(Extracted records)

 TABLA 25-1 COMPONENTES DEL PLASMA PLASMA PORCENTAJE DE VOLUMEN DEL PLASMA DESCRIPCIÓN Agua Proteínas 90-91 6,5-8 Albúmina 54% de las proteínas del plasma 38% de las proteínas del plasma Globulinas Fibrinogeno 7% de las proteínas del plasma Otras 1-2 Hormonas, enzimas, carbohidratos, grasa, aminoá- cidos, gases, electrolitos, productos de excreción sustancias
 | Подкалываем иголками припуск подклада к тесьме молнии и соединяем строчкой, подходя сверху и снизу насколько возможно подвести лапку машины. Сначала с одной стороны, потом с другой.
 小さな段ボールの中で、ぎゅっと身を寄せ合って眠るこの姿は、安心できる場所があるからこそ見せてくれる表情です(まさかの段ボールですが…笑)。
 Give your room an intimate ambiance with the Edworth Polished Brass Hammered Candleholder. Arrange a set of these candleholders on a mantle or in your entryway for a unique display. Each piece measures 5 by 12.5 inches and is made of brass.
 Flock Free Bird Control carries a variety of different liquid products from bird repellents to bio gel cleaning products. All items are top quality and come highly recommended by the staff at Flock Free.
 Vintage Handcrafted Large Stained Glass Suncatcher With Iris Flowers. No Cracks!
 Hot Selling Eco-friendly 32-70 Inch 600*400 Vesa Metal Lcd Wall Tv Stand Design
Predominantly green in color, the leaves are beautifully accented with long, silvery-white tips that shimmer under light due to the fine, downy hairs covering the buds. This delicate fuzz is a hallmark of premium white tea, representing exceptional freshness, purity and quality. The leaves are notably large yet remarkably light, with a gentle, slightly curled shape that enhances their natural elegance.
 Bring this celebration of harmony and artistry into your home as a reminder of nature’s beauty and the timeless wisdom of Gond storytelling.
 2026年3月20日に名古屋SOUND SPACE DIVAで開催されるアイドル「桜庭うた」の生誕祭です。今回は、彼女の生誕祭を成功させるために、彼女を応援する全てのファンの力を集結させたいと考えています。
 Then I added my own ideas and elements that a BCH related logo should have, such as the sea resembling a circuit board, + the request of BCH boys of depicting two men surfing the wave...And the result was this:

## What is being asked:
The string "that": state how many lines above contain it, giving nothing but the number.

## Exercise response:
2